How to determine the spring constant

Physics with Professor Matt Anderson

19 Nov 201406:45

Summary

TLDRIn this video, the speaker explores the calculation of the spring constant using Hooke's Law. A spring is hung from a roof with a mass attached, and the initial and stretched lengths are provided. By analyzing the forces acting on the mass, the relationship between the spring's extension and the force applied is established. The speaker calculates the spring constant and demonstrates how it changes when the mass is doubled.
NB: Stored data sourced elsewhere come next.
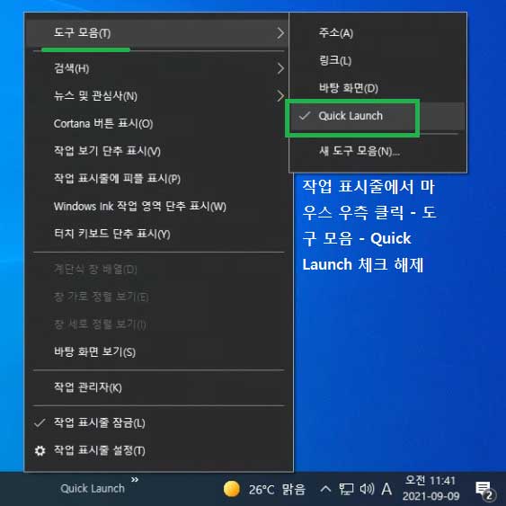 작업 표시줄의 빈 공간에서 마우스 우측 클릭 - 도구 모음(T) -Quick Launch를 체크 해제해주면 됩니다.
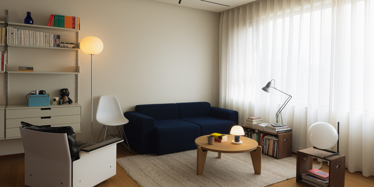 没有传统的背景墙或电视柜,加装地拉式投影仪,空间更加干净整洁
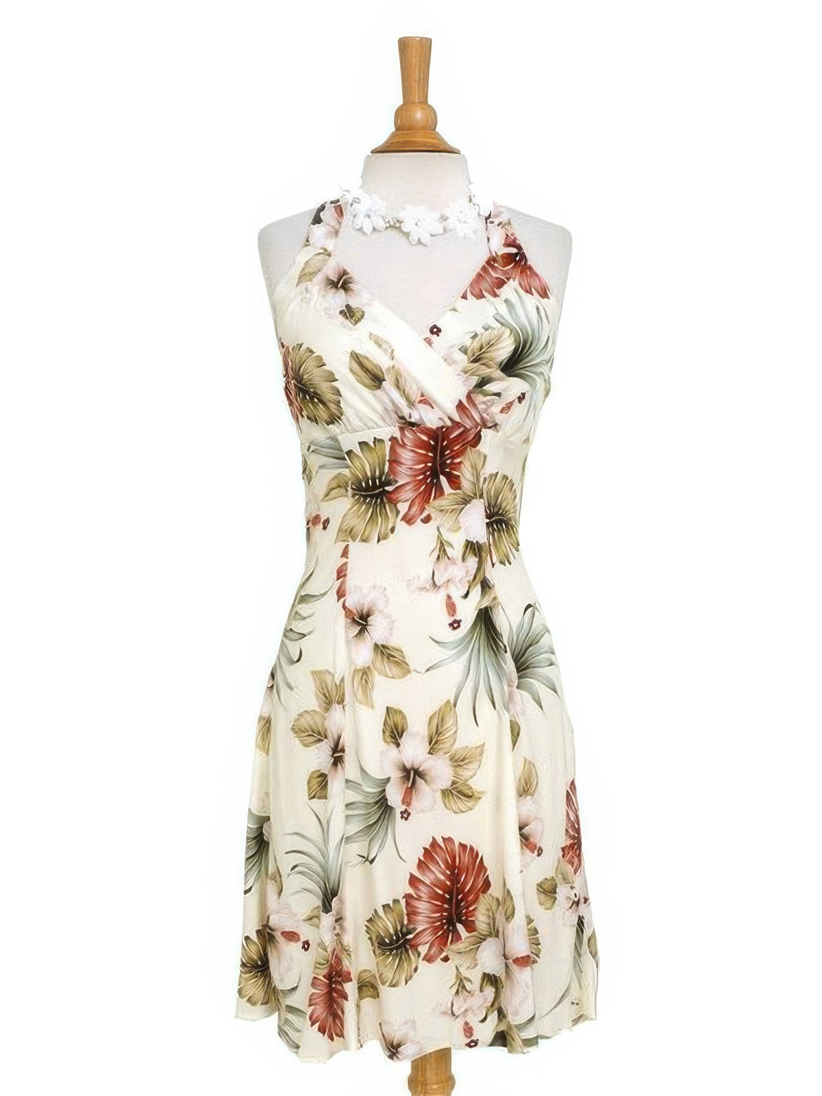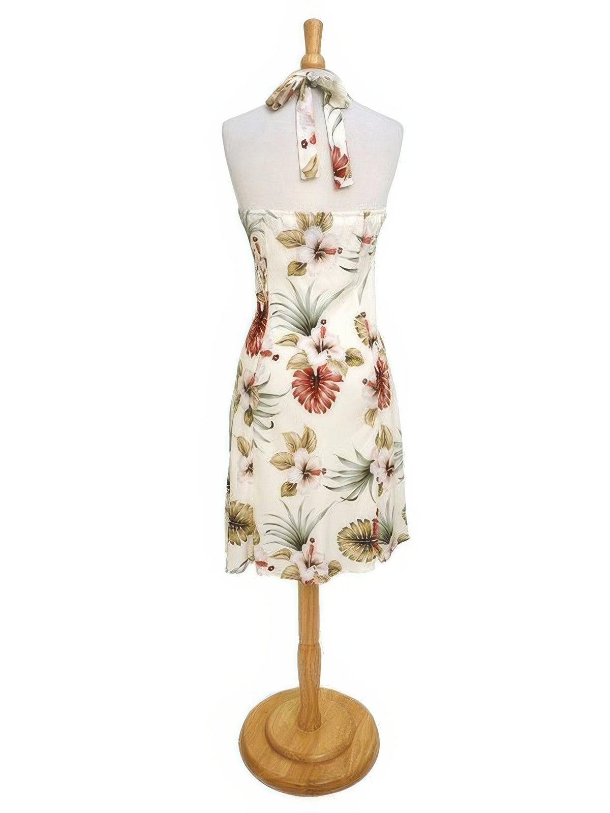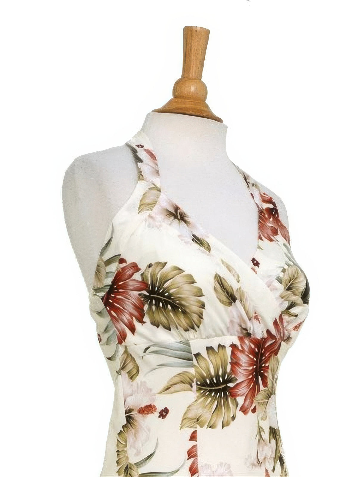 Royal Hawaiian Creations - Hibiscus & Monstera Cream Rayon Hawaiian Halter Neck Midi Dress

This engaging explanation combines theory with practical examples, making complex physics concepts accessible and understandable.

Takeaways

😀 Hooke's Law states that the force exerted by a spring is proportional to its displacement from the equilibrium position.
🧮 The formula for Hooke's Law is F = K * x, where F is the restoring force, K is the spring constant, and x is the displacement.
📏 To determine the spring constant (K), you need to measure the original and stretched lengths of the spring.
⚖️ The equilibrium condition for the spring and mass setup involves balancing the restoring force of the spring with the gravitational force acting on the mass.
🧑‍🔬 In the example, the original length of the spring was 8 cm, and the stretched length was 12 cm when a 2 kg mass was applied.
🔍 The displacement (x) of the spring is calculated as the difference between the stretched length and the original length.
🔢 To calculate K, use the formula K = (M * g) / x, where M is the mass and g is the acceleration due to gravity.
🧱 After performing the calculations, the spring constant K was found to be 490 N/m.
📈 When the mass is doubled, the stretched length of the spring can be recalculated using the new mass in the previous formula.
📐 With a new mass of 4 kg, the new stretched length of the spring was determined to be 16 cm, showing how mass affects spring displacement.

Q & A

What is the main concept being demonstrated in the script?
-The script demonstrates the calculation of the spring constant (K) using Hooke's Law, which relates the force exerted by a spring to its displacement.
What are the given measurements for the spring in the scenario?
-The initial length of the spring (Li) is 8 centimeters, the stretched length (L stretch) is 12 centimeters, and the mass (M) added to the spring is 2 kilograms.
How is the spring constant (K) calculated in this context?
-The spring constant (K) is calculated using the formula K = mg / X, where m is the mass, g is the acceleration due to gravity, and X is the displacement of the spring (L stretch - Li).
What is the value of acceleration due to gravity used in the calculations?
-The acceleration due to gravity (g) is taken as 9.8 m/s².
What are the SI unit conversions for the lengths provided?
-The initial length Li is converted from 8 centimeters to 0.08 meters, and the stretched length L stretch is converted from 12 centimeters to 0.12 meters.
What is the calculated value of the spring constant (K) based on the provided data?
-The calculated value of the spring constant (K) is 494 N/m.
What happens to the spring constant (K) if the mass is doubled?
-If the mass is doubled, the script shows that the new length of the spring can be recalculated, but the spring constant (K) itself remains unchanged as it is a property of the spring.
How is the new stretched length of the spring calculated when the mass is doubled?
-The new stretched length (L stretch) is calculated using the formula L stretch = (2mg / K) + Li, incorporating the doubled mass and previously calculated K.
What is the final result for the stretched length when the mass is doubled?
-The final result for the stretched length when the mass is doubled is 0.16 meters.
Can the stretched length be intuitively estimated based on initial observations?
-Yes, based on initial observations, it can be reasoned that if one mass causes a 4-centimeter stretch, then two masses would double that stretch to another 4 centimeters, leading to a total of 16 centimeters (0.16 meters).